Photo by David Jager for NOW magazine

The Volunteer Executive Committee is pleased to present a talk by Steve Driscoll on October 24, exclusively for AGO volunteers.  (You can find the details in Holly’s post from last week.) Read what P&D volunteer Cara-Lynn Nisenbaum has dug up on this intriguing contemporary artist.

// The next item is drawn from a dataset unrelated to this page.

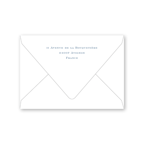 Select your order quantity from the dropbox menu below and check your total. Enter the personalization text for your notecard in the “Note” box below. Click Add to Cart. You will receive a proof notification via email and text message within 3 to 5 business days.Each card comes with one free BLANK Eggshell White envelope.

“Steve Driscoll is a modern alchemist. He transforms the base materials of urethane and pigment into ecstatic visions of the Canadian wilderness. Like his historical forefathers, the Group of Seven, Driscoll heads to the forest for inspiration. But rather than re-enacting the plein air sketching method practiced by Canada’s archetypal landscape painters, Driscoll instead mentally banks the images he sees — lakes and trees, sunsets and sunrises, moons and stars, cabins and campfires — creating a storehouse of visual memories that he brings back to his Toronto studio. There he sets about finding ways to make his unorthodox materials suggest those aspects of the wilderness experience that loom large in his mind.” – Barbara Isherwood

Driscoll’s paintings translate the magic and wonder of the natural world and inject fresh energy into the traditional Canadian landscape genre. Murray Whyte says “His practice is devoted to taking a creaky old convention in landscape painting and giving it a Red Bull jolt of invigorating energy.”  (“At the McMichael, the matter with size”, The Star/Entertainment/VisualArts, March 24, 2017)

In 2016, at the Angel Gallery, Driscoll installed a reflecting pool to double his painting’s visual experience for the viewer. “He created an immersive experience by flooding the gallery space with 2000 gallons of water, providing an escape to nature in downtown Toronto.”  (Leah Collins, “The artist flooded an art gallery to capture the wonder of the Northern Lights”,  CBC Arts, October 18, 2016) You can view the installation video here

Driscoll has shown across Canada, including a significant survey of work at the McMichael Canadian Art Collection in Kleinburg, Ontario, during the summer of 2017. His work has been featured in publications such as The Globe and Mail, The Toronto Star, Toronto Life and Canadian Art, and can be found in the collections of TD Bank, Bank of Montreal, Nordstrom, The Four Seasons, Seneca College, and the McMichael Canadian Art Collection.